В общем, доктору я рассказал все: и о своих страшных снах, и о чудовищных ожиданиях, и о невнятных опасениях. Тычканова слушала, более ни разу не перебив, и я, будто дорвавшись до чутких ушей и заинтересованного взгляда, выдал такие подробности и в таком объеме, коих совершенно от себя самого не ожидал.

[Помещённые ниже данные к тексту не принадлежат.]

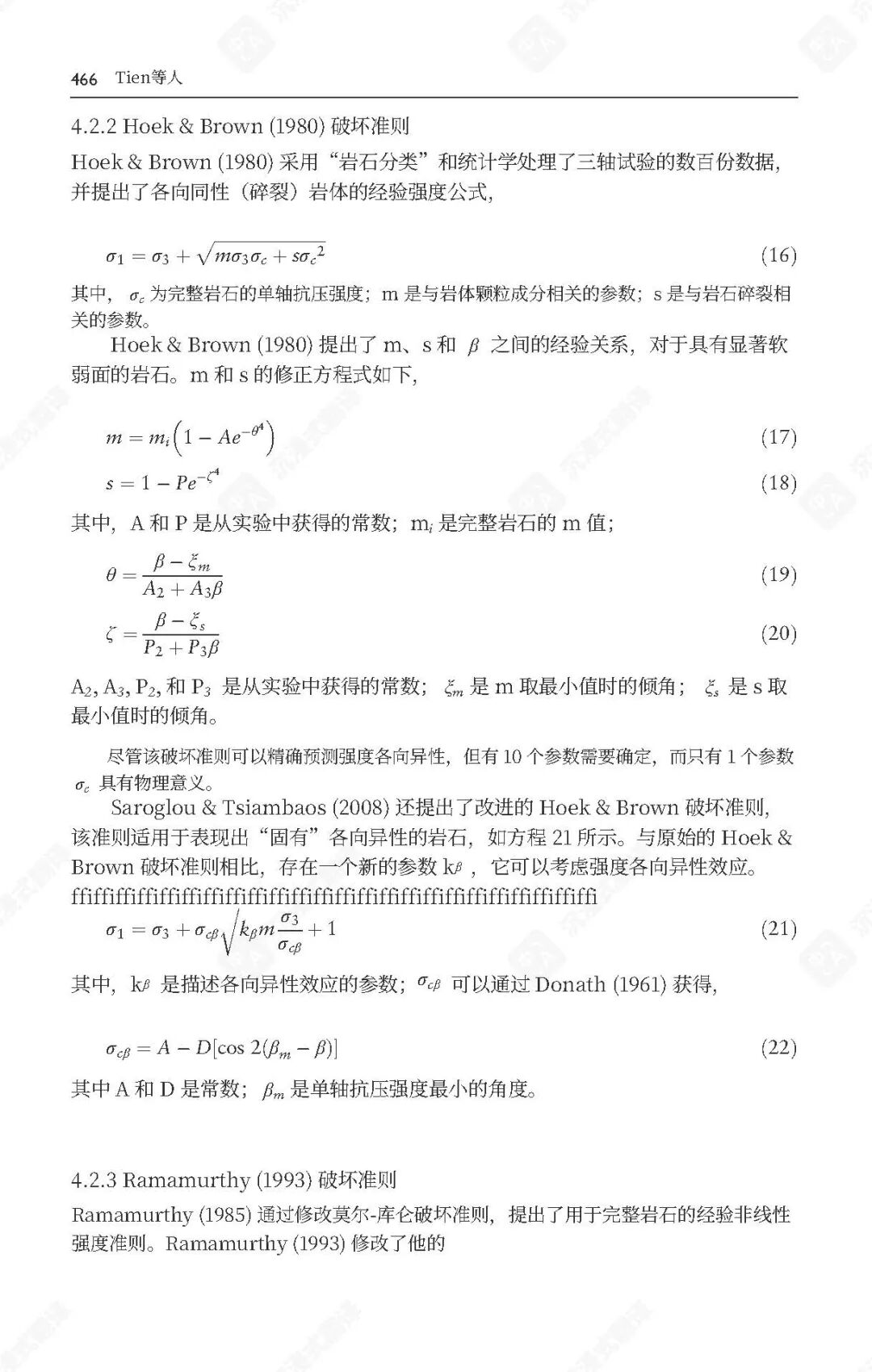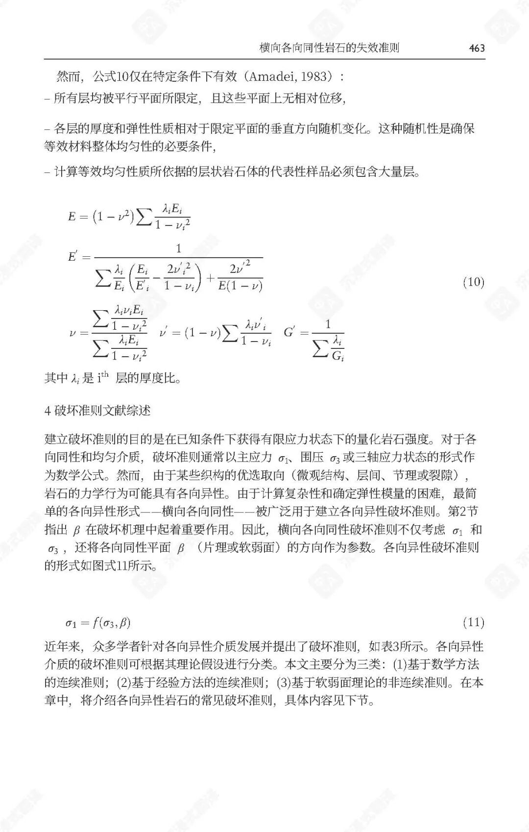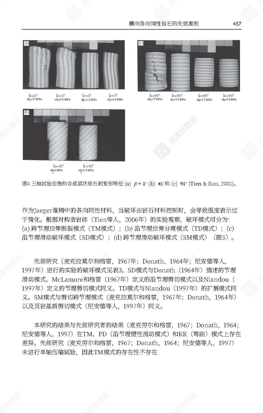 研究人员还提出了修正或抛物线失效准则。修正准则旨在通过考虑片麻岩、板岩、大理石、片岩、页岩、砂岩和石灰岩等各种变质岩和沉积岩的力学性质来确定横观各向异性岩石的强度。这种修正引入了一个反映强度各向异性的指数。还开发了一种简化的抛物线模型,通过修改完整岩石的常规抛物线准则,来预测不同围压和层理角下岩石的强度。该模型包含两个与层理角呈三角函数关系的方向依赖性参数。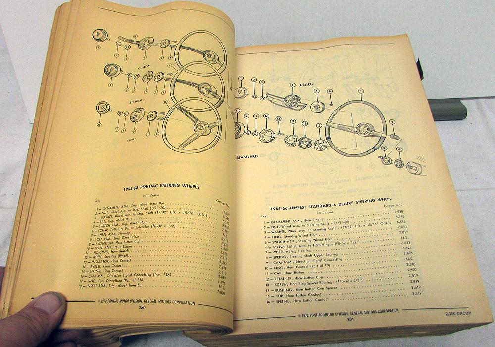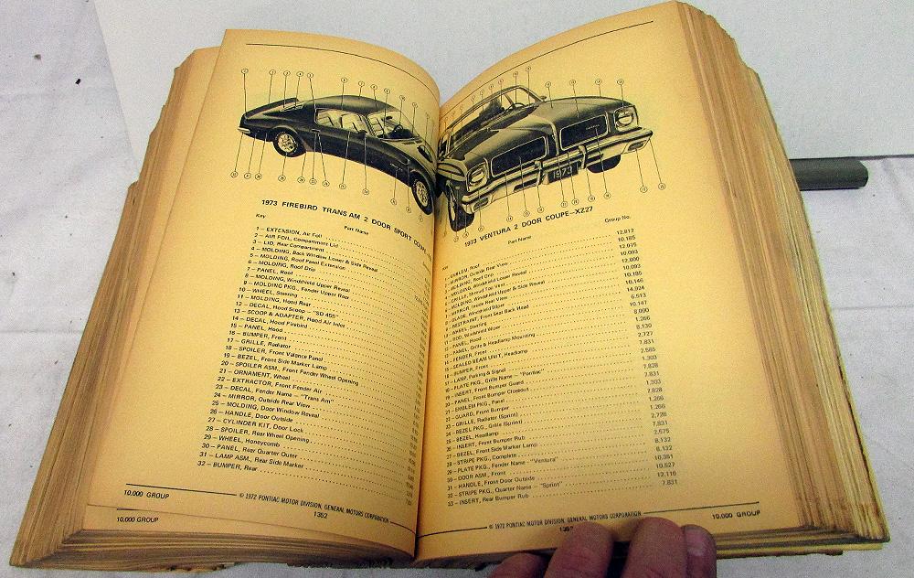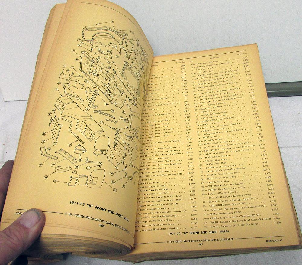 Original 1964-1973 Pontiac Chassis & Body Illustrations Parts Catalog. This large Parts & Accessories Book is dated November 1, 1972. This is the very hard to find Illustrations Book only, no Text. It covers the Full Line of Pontiac Models from this period. This is what the Dealer would use to order available Factory Replacement Parts to repair your Car. It has Part Name with Group Number and exploded view Illustrations to help find the Part Number in the Text Catalog [not included]. This Catalog does not have Part Numbers but is extremely helpful in recognizing and locating Parts. It is in very good condition for its age with minor wear and soiling [see photos]. Very rare and useful tool for the Pontiac Owner or Enthusiast.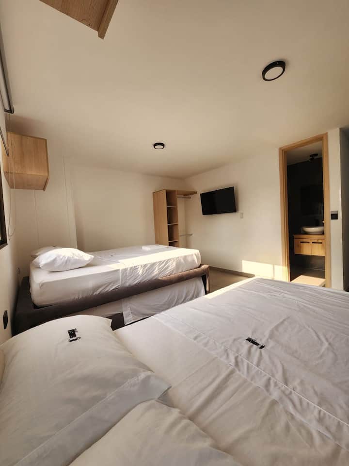 哥伦比亚桑坦德Bucaramanga的客用套房里的独立房间

- Вот примерно так. Больше мне добавить нечего. - Я посмотрел на часы. Механодемон уверенно двигал секундную стрелку, минутная плыла значительно медленнее, часовая и вовсе будто стояла на месте, но в совокупности они показывали: с момента начала моего монолога прошло чуть больше часа.
- Мне почти уже нечего спросить, - вернула подачу доктор Тычканова. Она, кстати, улыбалась, но я, увлеченный вниманием к собственной персоне, заметил это не сразу.
- Более того, - уточнила моя визави, - действия Ваши нахожу правильными и своевременными. Путевку на продолжение консультаций и лечение я, конечно, подпишу, но сначала...
Я немного напрягся. По опыту своему, далеко не всегда позитивному, красивая женщина, ставящая условия, может потребовать столь многого и разного, что лучше заранее отказаться – еще до того, как условия эти будут озвучены.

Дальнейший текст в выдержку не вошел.